Most of the time I would like to shoot her.... Not with a camera though! LOL

Matthew


----------



## IPLOWSNO (Oct 11, 2008)

i made the mistake of taking my dog to work, i went from having awesome sheperds to sharpeis, awesome little dog, my ***** is actually birthing right now lol, so far we are at 7, lots of dark ones like dad, still happening though so we will see,

but i can't pick up my keys without my dog running for the door, he is a smaller dog than a sheperd but he does guard my van from bad people very well,


----------



## BDEMOTT (Oct 10, 2005)

here is my father-in-laws shepherd, straight from germany. He's been doing all the ratings this past year in hopes they can find a female to breed with. He is an absolute athlete, watching him do bite work is amazing.


----------



## BSDeality (Dec 5, 2005)

my dog would be all over the cab, she has no truck legs, constantly falling all over the place on turns and braking. she stays home for plowing, she does ride along with me some days for errands though


----------



## Sno4U (Dec 30, 2003)

I tried but she's too high strung! She bounces all over the truck and tries to attack evry oncoming vehicle when driving down the road. Funny at 1st but really annoying later. Also slobbers up the windows.
She's a Jack Russel Terrier. Wish I had her energy!:redbounce


----------



## linckeil (Sep 18, 2007)

here are my two doing what they do best. 

i also attached a pic of 2 baby foxes found wandering the road (i think their mother was hit by a car). we kept them for a couple of days and then gave them over to the humane society who put them back into the wild. they were a lot of fun. i wish i could've kept them...


----------



## KBTConst (Oct 25, 2009)

I got my shepard about 3 yrs ago cute little puppy went with me plowing for about 2.5 months then every time after that he would get sick in the truck had to stop taking him now every time i go he gives me that little look . maybe i should give it another try.


----------



## EaTmYtAiLpIpEs (Aug 23, 2007)

My shepherd


----------



## 2brothersyc (Oct 17, 2009)

my little boy and his cinder block snow ball


----------



## BlackIrish (Dec 22, 2007)

I'm lucky,where ever I go Spike is sure to be there with me. Spike is an 80lb shepherd/rotty mix . He and I have been together 24/7 for 5.5 yrs now. He spends a lot of time in his office.


----------



## L.I.Mike (Dec 28, 2002)

I take my Golden retriever wih me when I am plowing solo. She only lasts about 2 hours before she gets bored. Funny thing is she keeps nudging me when she is bored and I am driving.


----------



## EaTmYtAiLpIpEs (Aug 23, 2007)

L.I.Mike;986019 said:


> I take my Golden retriever wih me when I am plowing solo. She only lasts about 2 hours before she gets bored. Funny thing is she keeps nudging me when she is bored and I am driving.
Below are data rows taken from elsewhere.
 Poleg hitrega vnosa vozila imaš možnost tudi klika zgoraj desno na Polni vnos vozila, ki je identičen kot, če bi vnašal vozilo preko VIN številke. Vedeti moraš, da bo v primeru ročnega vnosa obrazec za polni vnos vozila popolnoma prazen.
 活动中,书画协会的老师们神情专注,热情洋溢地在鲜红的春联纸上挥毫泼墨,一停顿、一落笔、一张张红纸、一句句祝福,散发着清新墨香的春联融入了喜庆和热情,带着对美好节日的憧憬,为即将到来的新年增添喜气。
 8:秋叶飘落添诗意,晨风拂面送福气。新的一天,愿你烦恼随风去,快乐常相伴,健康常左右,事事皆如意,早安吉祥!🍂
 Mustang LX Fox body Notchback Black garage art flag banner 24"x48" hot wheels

haha sounds like shepherd. He will sit in the back over the center console looking out the front windshield. And when he gets bored he will keep nudging my arm and stuff to pet him. And I normally bring his ball with him because he likes to chew on it for some odd reason haha.


----------



## SuperdutyShane (Mar 6, 2009)

I have a 2 year old German Shepherd just like Lj's. 
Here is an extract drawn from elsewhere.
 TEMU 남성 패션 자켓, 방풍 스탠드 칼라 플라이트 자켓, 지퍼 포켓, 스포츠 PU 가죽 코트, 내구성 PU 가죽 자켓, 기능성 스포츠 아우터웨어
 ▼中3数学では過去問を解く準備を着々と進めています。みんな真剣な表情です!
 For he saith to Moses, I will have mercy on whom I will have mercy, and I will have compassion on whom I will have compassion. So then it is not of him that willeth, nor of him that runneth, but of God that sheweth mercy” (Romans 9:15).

I also have an 11 year old Rottweiler... Hes about 160 pounds..

Ill get some pics.


----------



## linycctitan (Aug 13, 2007)

powerstroke7.3;985440 said:


> Here's mine


Gorgeous pit! How old? My 9y/o brindle pit comes with me just about everywhere except plowing. She is my 3rd pit bull, I would never want any other breed. It's a shame they get such a bad rap because of the actions of irresponsible people.


----------



## snowman4 (Nov 25, 2007)

BDEMOTT;985612 said:


> here is my father-in-laws shepherd, straight from germany. He's been doing all the ratings this past year in hopes they can find a female to breed with. He is an absolute athlete, watching him do bite work is amazing.


Where is this dog now?


----------



## powerstroke7.3 (Nov 24, 2009)

linycctitan;986067 said:


> Gorgeous pit! How old? My 9y/o brindle pit comes with me just about everywhere except plowing. She is my 3rd pit bull, I would never want any other breed. It's a shame they get such a bad rap because of the actions of irresponsible people.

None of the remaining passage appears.